# Fixer Question



## El Vasquez (Feb 24, 2009)

Hi everyone!

I recently got a job as Lab Tech in a darkroom. Never thought I'd have that good ol fix smell on my hands again! Smells like home. 

My question is how long is fix good for? I know it gets spent due to silver saturation, but does it also oxidize and become useless? We've been going through it like crazy, and I'm looking to cut down on the waste.

Thanks.


----------



## ann (Feb 24, 2009)

sounds as if you will have more silver deposits than oxidation.

get some hypocheck and start checking the fixer every day.

when it becomes worn out and tired it will leave a milky color when a drop of hypocheck is place in the beaker.

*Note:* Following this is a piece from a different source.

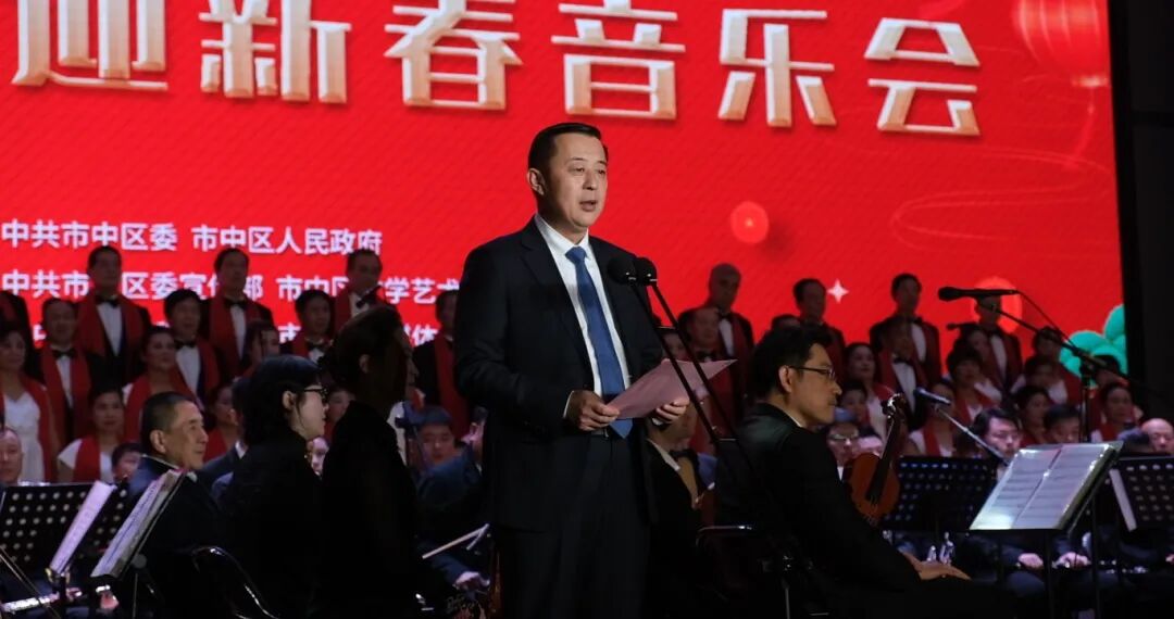 韩耀辉在致辞中说,2023年,是市中区发展历程中极不平凡的一年,承载着61万市中人的奋斗足迹。这一年,我们坚持以习近平新时代中国特色社会主义思想为指导,统筹抓好稳增长、调结构、惠民生各项工作,高质量发展扎实推进。我们全力以赴拼经济抓发展,常态化开展招商引资百日会战,加力提速攻坚重点项目,工业经济“满弓劲发”。我们牢记民生之需,努力创造高品质生活,城市建设日新月异,就业、教育、医疗、社保、文化等各项事业全面进步,支撑起老百姓“稳稳的幸福”。2024年,让我们更加紧密地团结在以习近平同志为核心的党中央周围,在市委、市政府和区委的坚强领导下,以“重点项目落地见效年”为抓手,以工作跨越赶超为主线,聚焦“工业强区、产业兴区、城建立区”总体目标,坚决打好打赢“十大跨越赶超攻坚战”,为加快建设工业强、产业兴、城乡美、群众富、发展质量高的现代化强区而努力奋斗。

you can also check the website of the manufactor and they should give you an idea of how many inches of paper or film can be used in a specific amount of fixer.

After a while you should be able to tell it is running out of steam just by the change in color. It starts to look a bit on the "yellow" side rather than clear.


----------



## El Vasquez (Feb 24, 2009)

ok ,so i should just wait for silver exhaustion and not worry about oxidation? Some days these kids only do a few prints, but the fix is out for 8 hours. It is definitely not saturated. So bottling and using the next day is fine?


----------



## Christie Photo (Feb 24, 2009)

El Vasquez said:


> Some days these kids only do a few prints, but the fix is out for 8 hours. It is definitely not saturated. So bottling and using the next day is fine?



I'm sure it will be fine.

What sort of volume are you talking about?  A quart?

Kodak says their stuff is good for a week in a tray.  That's without use.  You'll have to calculate how many prints it will take to exhaust the solution.

-Pete


----------



## ann (Feb 24, 2009)

cover the tray with a larger one while the fixer is just sitting around waiting for others to come back to use the lab.

you will have evaporation issue if you don't.


----------



## El Vasquez (Feb 25, 2009)

Great. Thanks for the quick reply. 

They've been going through a gallon or two a day, and i know it's mostly not saturated.Thanks again. 

Enjoy!


----------